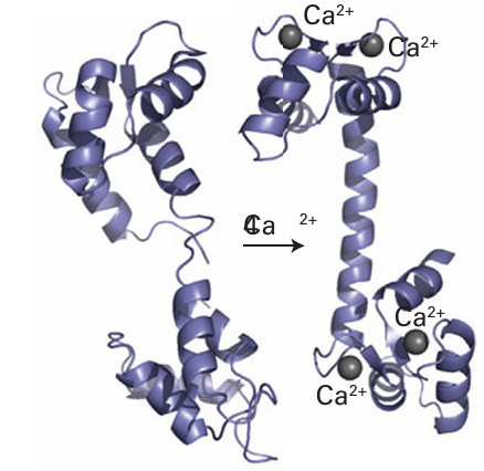 Figure 27.8 The binding of four Ca2+ to apocalmodulin causes a change in the protein conformation, converting it to a form that is recognized by many enzymes. The high proportion of α-helix is typical of proteins that are activated by metal-ion binding.
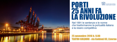 L’anno 2016 coincide anche con una “ricorrenza” significativa come quella della Riforma della Portualità Italiana. Sono infatti trascorsi oltre 25 anni da quando – proprio qui a Livorno – si svolsero gli accadimenti che portarono alla redazione dei cosiddetti Decreti Prandini, che presero il nome dell’allora Ministro delle Infrastrutture, e successivamente all’emanazione della legge 84/94.
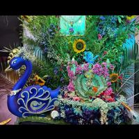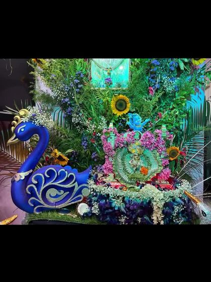 My floral art extends to other festivals and special poojas throughout the year. I can create themed decorations, like this peacock basket for Janmashtami, to bring a unique and creative touch to any divine celebration.

• [What is expected]:
Using the material above, return every line exactly as it appears, minus the pictures.

• [Finished task]:
 Figure 27.8 The binding of four Ca2+ to apocalmodulin causes a change in the protein conformation, converting it to a form that is recognized by many enzymes. The high proportion of α-helix is typical of proteins that are activated by metal-ion binding.
 L’anno 2016 coincide anche con una “ricorrenza” significativa come quella della Riforma della Portualità Italiana. Sono infatti trascorsi oltre 25 anni da quando – proprio qui a Livorno – si svolsero gli accadimenti che portarono alla redazione dei cosiddetti Decreti Prandini, che presero il nome dell’allora Ministro delle Infrastrutture, e successivamente all’emanazione della legge 84/94.
 My floral art extends to other festivals and special poojas throughout the year. I can create themed decorations, like this peacock basket for Janmashtami, to bring a unique and creative touch to any divine celebration.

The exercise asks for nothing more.